Task item
The copy has to match the data exactly and leave out every picture.

Records for this exercise
------------------------

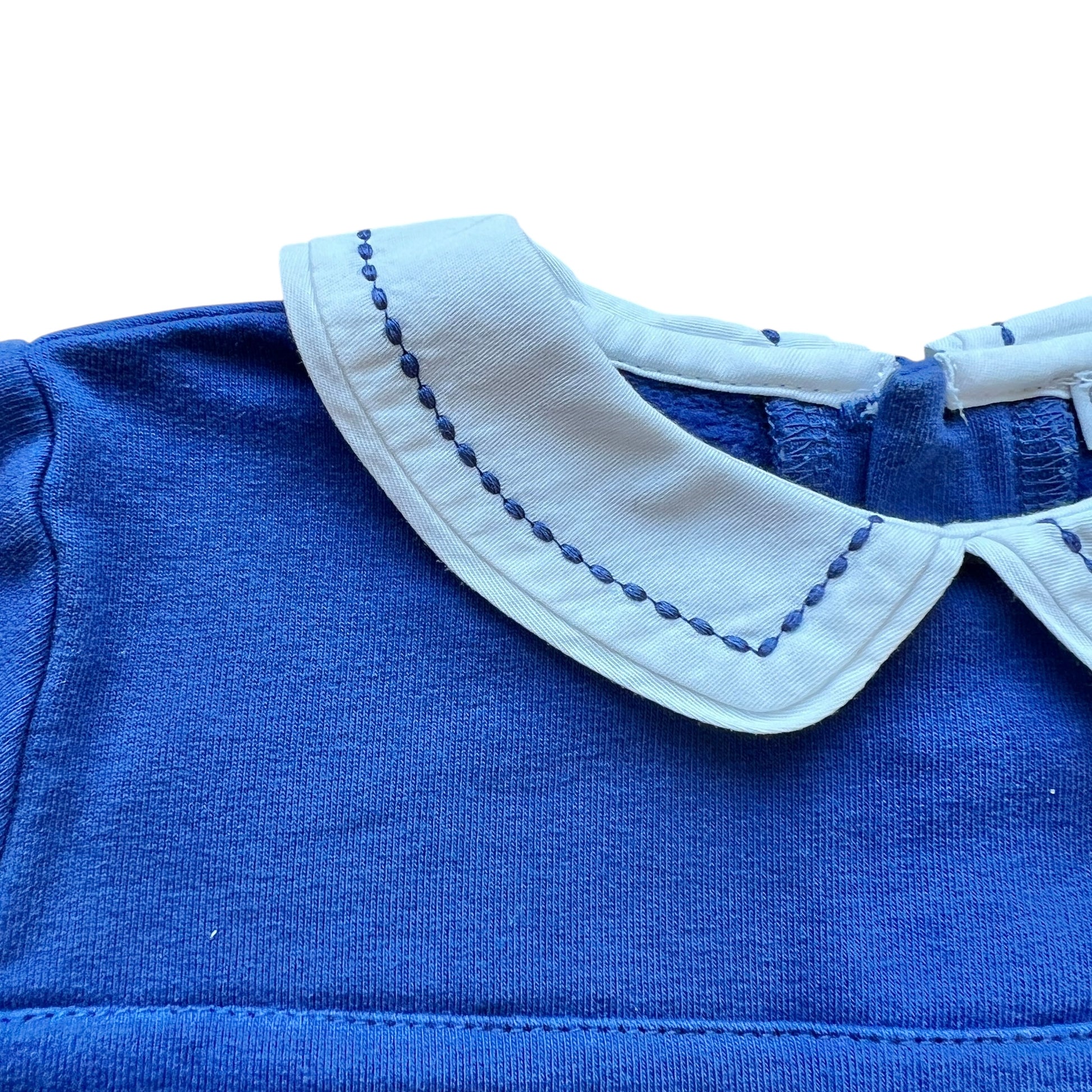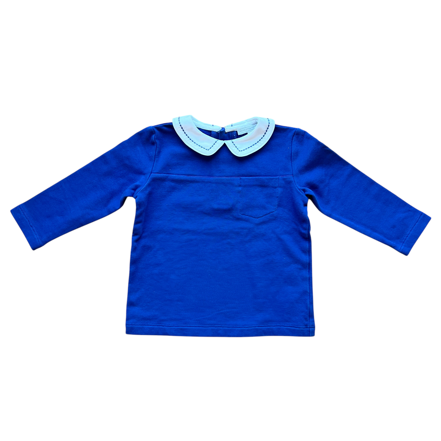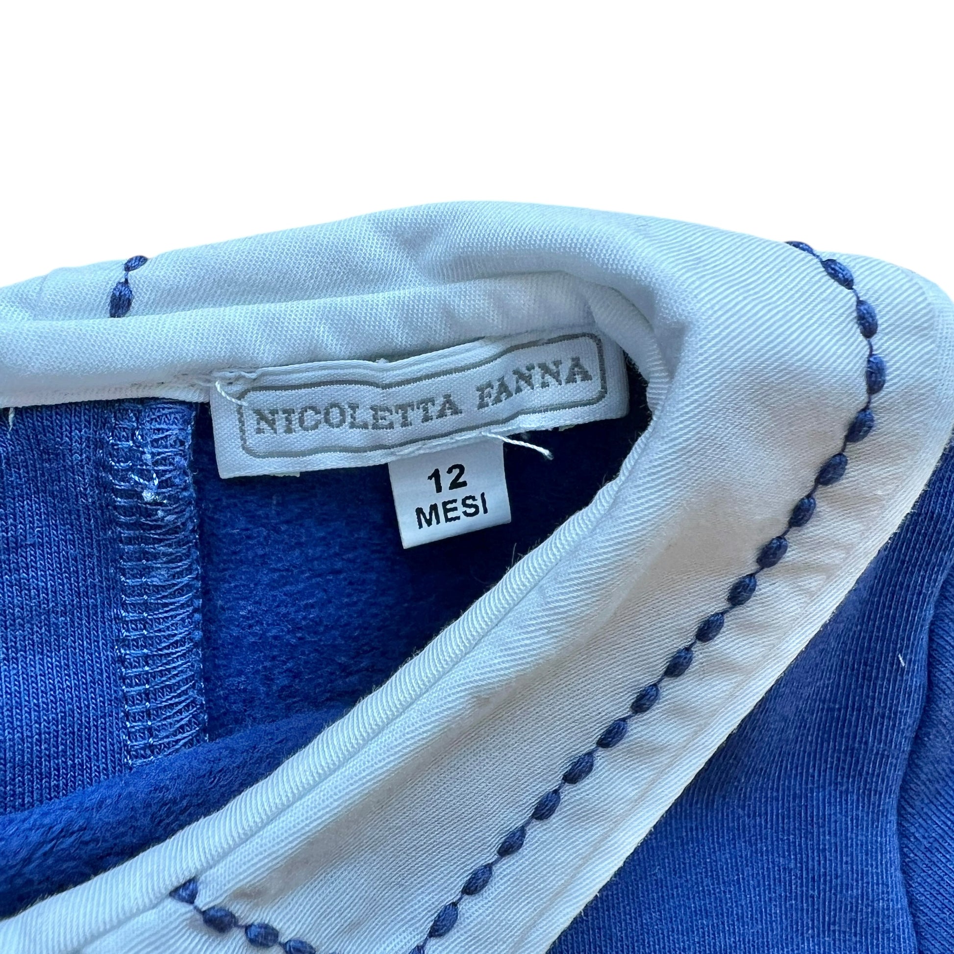 Polo in cotone blu firmata Nicoletta Fanna, perfetta per bambini di 12 mesi. Dotata di taschino e colletto bianco ricamato a contrasto, unisce eleganza e praticità. Morbida e confortevole, è ideale per ogni occasione, donando un tocco raffinato e curato al guardaroba dei più piccoli.
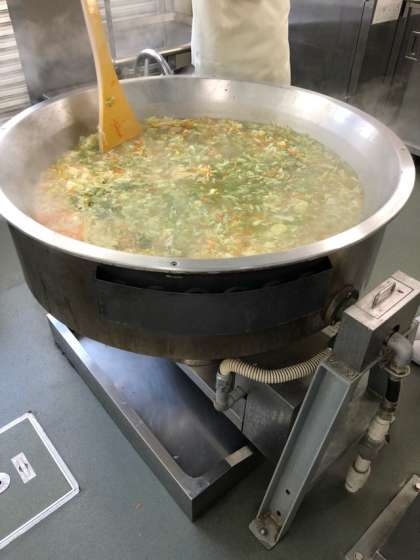 今日の給食は「なすのミートグラタン、鶏肉と野菜のスープ、みかん、黒糖パン」です。
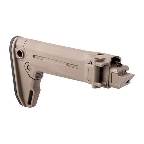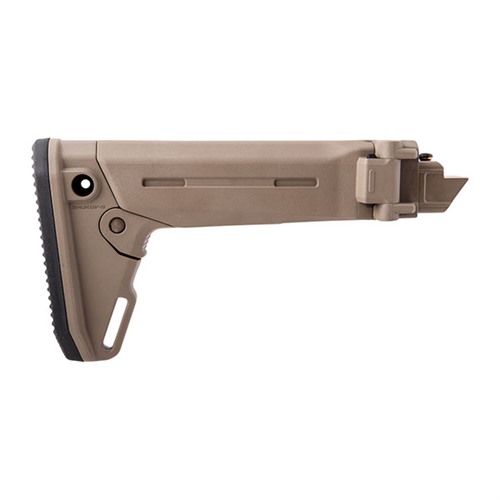 The Magpul Zhukov-S Stock is a no-compromise folding stock for the modern AK. The Zhukov-S Stock casts aside traditional AK stock shortcomings and offers a folding, collapsible stock with QD sling mounts, modular Cheek Risers (sold separately), 5-position telescoping and a shock-absorbing rubber butt-pad for superior traction. The Zhukov has right-side folding for compatibility with side-mounted optics. Designed to fit most common stamped AK receivers without modification via a unique wedge block, the durable injection molded polymer Zhukov-S Stock redefines the human interface with the AK platform. Does not fit milled or Yugo AK's.
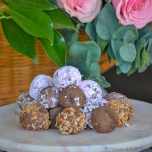 Try rolling the truffles in colored confectioners’ sugar available online. Alternatively, you can easily make your own at home. Simply place confectioners’ sugar in a food processor. Next, add a few drops of gel food coloring and process until the sugar changes color. To begin, add just 2-3 drops of gel color, then add 1/2 to 1 cup of sugar, adding more gel color as needed. For instance, the truffles shown in these photos were rolled in a blush-pink confectioners’ sugar.
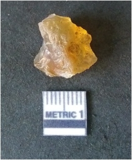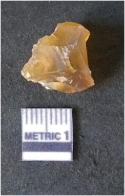 | Description / विवरण | It is chalcedony flake, translucent in appearance. The piece shows sharp pointed ends and flake scars on the surface as a result of flaking. The piece shows a bulb of percussion. |

------------------------

Response to the task
 Polo in cotone blu firmata Nicoletta Fanna, perfetta per bambini di 12 mesi. Dotata di taschino e colletto bianco ricamato a contrasto, unisce eleganza e praticità. Morbida e confortevole, è ideale per ogni occasione, donando un tocco raffinato e curato al guardaroba dei più piccoli.
 今日の給食は「なすのミートグラタン、鶏肉と野菜のスープ、みかん、黒糖パン」です。
 The Magpul Zhukov-S Stock is a no-compromise folding stock for the modern AK. The Zhukov-S Stock casts aside traditional AK stock shortcomings and offers a folding, collapsible stock with QD sling mounts, modular Cheek Risers (sold separately), 5-position telescoping and a shock-absorbing rubber butt-pad for superior traction. The Zhukov has right-side folding for compatibility with side-mounted optics. Designed to fit most common stamped AK receivers without modification via a unique wedge block, the durable injection molded polymer Zhukov-S Stock redefines the human interface with the AK platform. Does not fit milled or Yugo AK's.
 Try rolling the truffles in colored confectioners’ sugar available online. Alternatively, you can easily make your own at home. Simply place confectioners’ sugar in a food processor. Next, add a few drops of gel food coloring and process until the sugar changes color. To begin, add just 2-3 drops of gel color, then add 1/2 to 1 cup of sugar, adding more gel color as needed. For instance, the truffles shown in these photos were rolled in a blush-pink confectioners’ sugar.
 | Description / विवरण | It is chalcedony flake, translucent in appearance. The piece shows sharp pointed ends and flake scars on the surface as a result of flaking. The piece shows a bulb of percussion. |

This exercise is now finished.